PROBLEM STATEMENT.
Beginning at the line that holds "- С крабовыми", repeat every line through the last line of the material, exactly, and drop any pictures.

SUPPLIED DATA.

· · · · ·

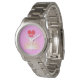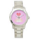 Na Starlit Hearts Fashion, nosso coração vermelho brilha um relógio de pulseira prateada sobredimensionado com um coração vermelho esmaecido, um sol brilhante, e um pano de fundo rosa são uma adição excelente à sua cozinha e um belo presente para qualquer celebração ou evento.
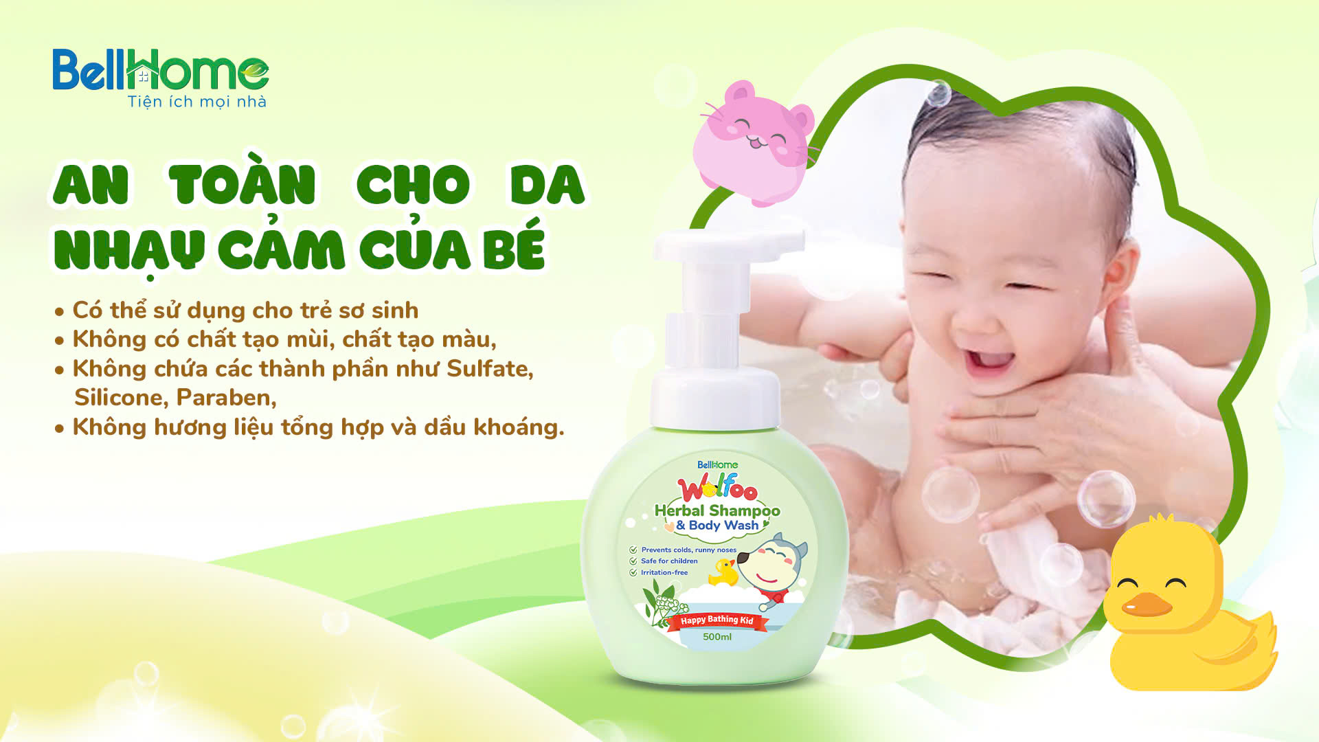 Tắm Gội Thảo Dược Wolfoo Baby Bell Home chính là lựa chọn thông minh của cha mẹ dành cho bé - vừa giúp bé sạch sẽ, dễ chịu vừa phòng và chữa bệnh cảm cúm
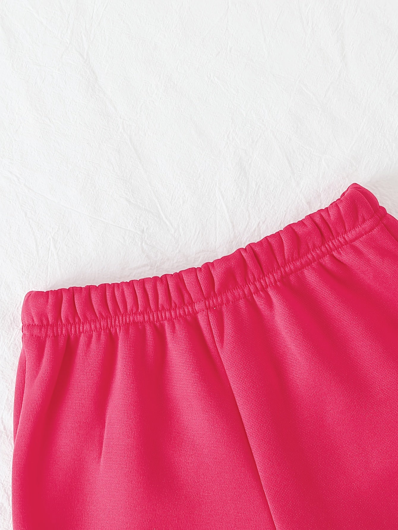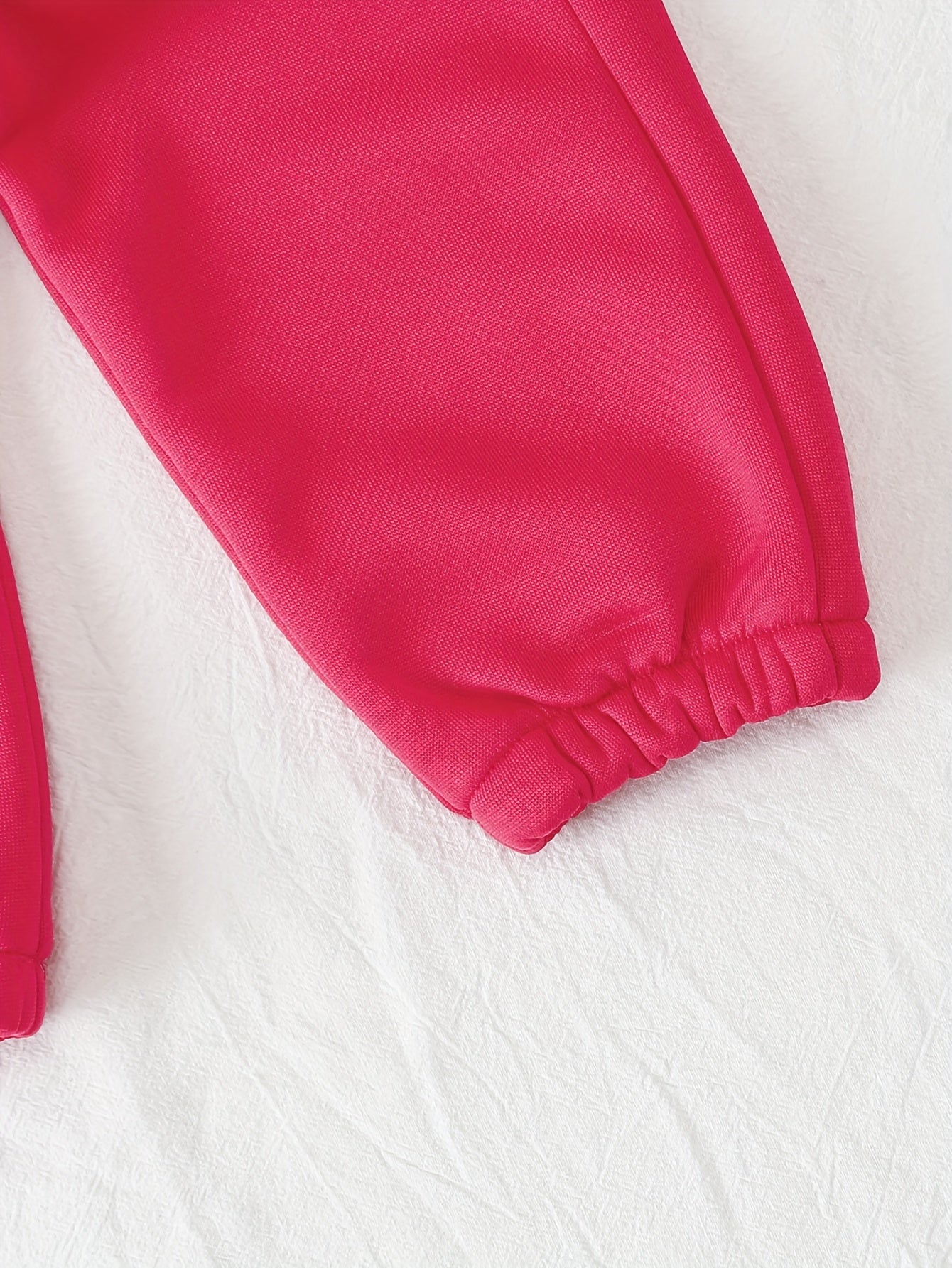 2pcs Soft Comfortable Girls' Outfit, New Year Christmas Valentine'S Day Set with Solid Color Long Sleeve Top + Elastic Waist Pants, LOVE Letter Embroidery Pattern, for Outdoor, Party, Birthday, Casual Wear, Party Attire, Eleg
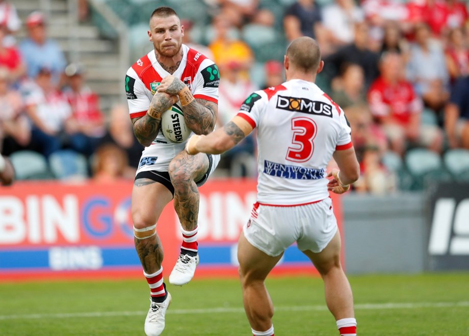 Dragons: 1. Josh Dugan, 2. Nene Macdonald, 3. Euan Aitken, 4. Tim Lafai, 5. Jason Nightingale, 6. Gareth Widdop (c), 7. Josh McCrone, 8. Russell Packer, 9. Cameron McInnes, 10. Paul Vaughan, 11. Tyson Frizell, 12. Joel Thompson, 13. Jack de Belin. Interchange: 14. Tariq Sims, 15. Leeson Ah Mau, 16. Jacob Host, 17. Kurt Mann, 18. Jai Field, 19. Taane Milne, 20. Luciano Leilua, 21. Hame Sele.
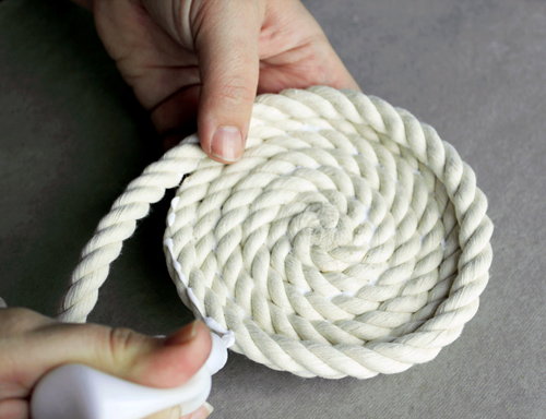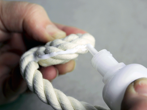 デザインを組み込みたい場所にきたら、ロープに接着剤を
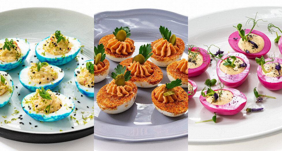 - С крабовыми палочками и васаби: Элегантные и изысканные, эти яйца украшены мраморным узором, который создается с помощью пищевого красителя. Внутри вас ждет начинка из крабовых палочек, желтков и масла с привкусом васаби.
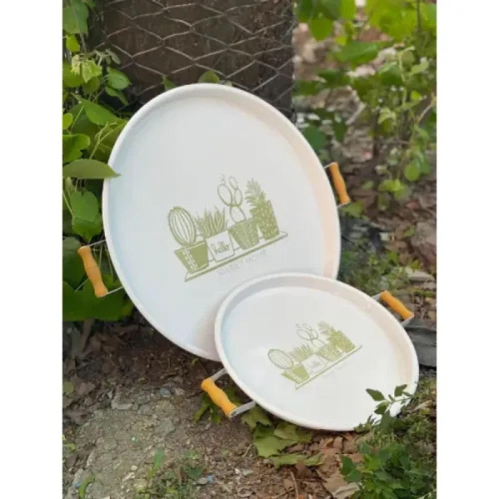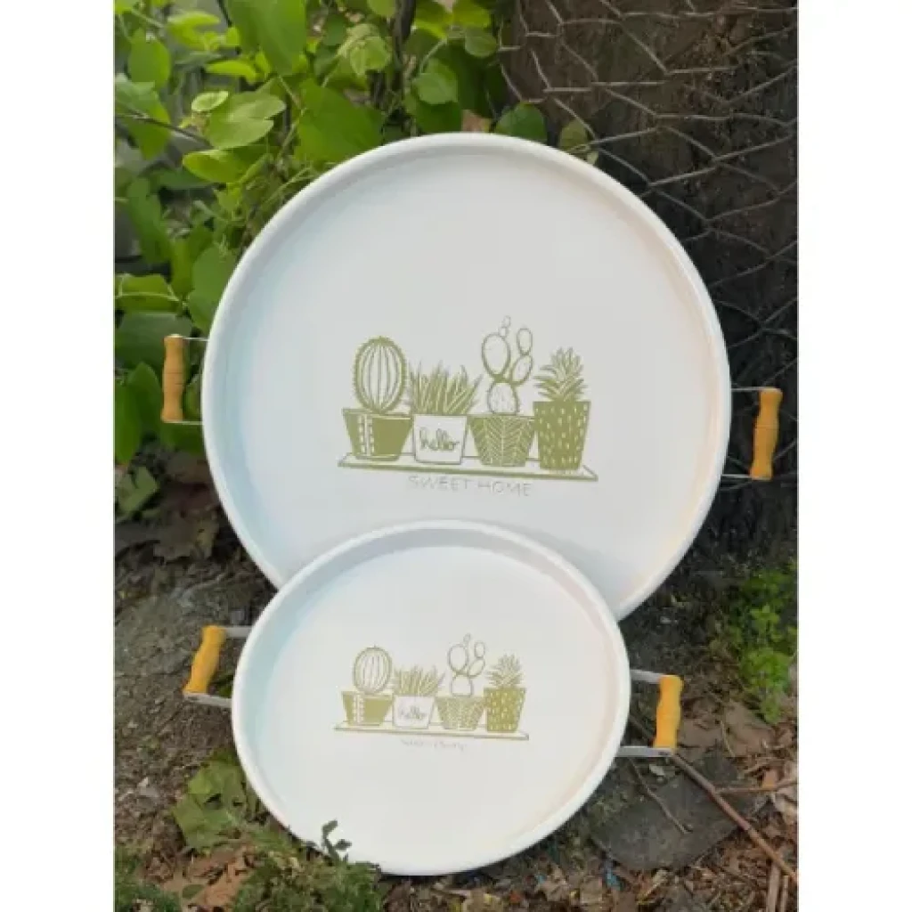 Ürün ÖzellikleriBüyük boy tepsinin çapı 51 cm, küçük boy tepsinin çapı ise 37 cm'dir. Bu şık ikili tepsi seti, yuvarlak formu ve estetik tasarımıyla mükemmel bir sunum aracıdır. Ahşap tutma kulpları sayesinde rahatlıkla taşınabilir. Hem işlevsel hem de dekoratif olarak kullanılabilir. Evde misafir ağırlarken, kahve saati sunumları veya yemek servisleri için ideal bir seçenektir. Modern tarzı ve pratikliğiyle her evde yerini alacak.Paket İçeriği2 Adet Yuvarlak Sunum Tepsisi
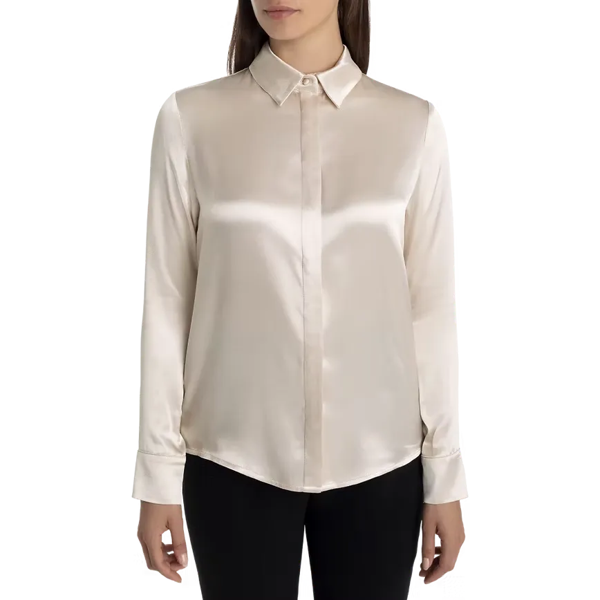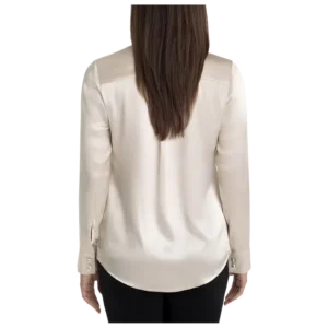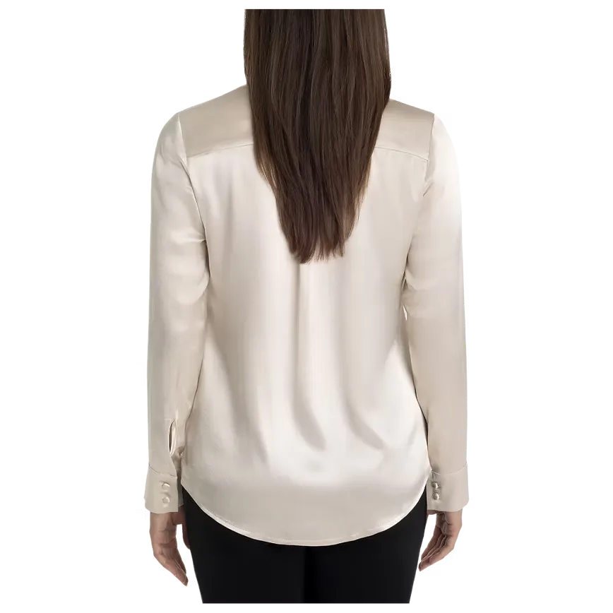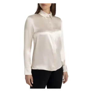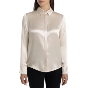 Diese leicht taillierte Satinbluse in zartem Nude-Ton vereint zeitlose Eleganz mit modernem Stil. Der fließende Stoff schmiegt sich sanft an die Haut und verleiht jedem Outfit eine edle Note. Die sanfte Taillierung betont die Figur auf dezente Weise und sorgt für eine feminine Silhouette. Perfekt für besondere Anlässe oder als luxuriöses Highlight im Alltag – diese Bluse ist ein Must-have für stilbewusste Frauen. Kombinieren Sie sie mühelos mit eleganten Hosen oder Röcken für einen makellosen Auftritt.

· · · · ·

EXERCISE ANSWER.
 - С крабовыми палочками и васаби: Элегантные и изысканные, эти яйца украшены мраморным узором, который создается с помощью пищевого красителя. Внутри вас ждет начинка из крабовых палочек, желтков и масла с привкусом васаби.
 Ürün ÖzellikleriBüyük boy tepsinin çapı 51 cm, küçük boy tepsinin çapı ise 37 cm'dir. Bu şık ikili tepsi seti, yuvarlak formu ve estetik tasarımıyla mükemmel bir sunum aracıdır. Ahşap tutma kulpları sayesinde rahatlıkla taşınabilir. Hem işlevsel hem de dekoratif olarak kullanılabilir. Evde misafir ağırlarken, kahve saati sunumları veya yemek servisleri için ideal bir seçenektir. Modern tarzı ve pratikliğiyle her evde yerini alacak.Paket İçeriği2 Adet Yuvarlak Sunum Tepsisi
 Diese leicht taillierte Satinbluse in zartem Nude-Ton vereint zeitlose Eleganz mit modernem Stil. Der fließende Stoff schmiegt sich sanft an die Haut und verleiht jedem Outfit eine edle Note. Die sanfte Taillierung betont die Figur auf dezente Weise und sorgt für eine feminine Silhouette. Perfekt für besondere Anlässe oder als luxuriöses Highlight im Alltag – diese Bluse ist ein Must-have für stilbewusste Frauen. Kombinieren Sie sie mühelos mit eleganten Hosen oder Röcken für einen makellosen Auftritt.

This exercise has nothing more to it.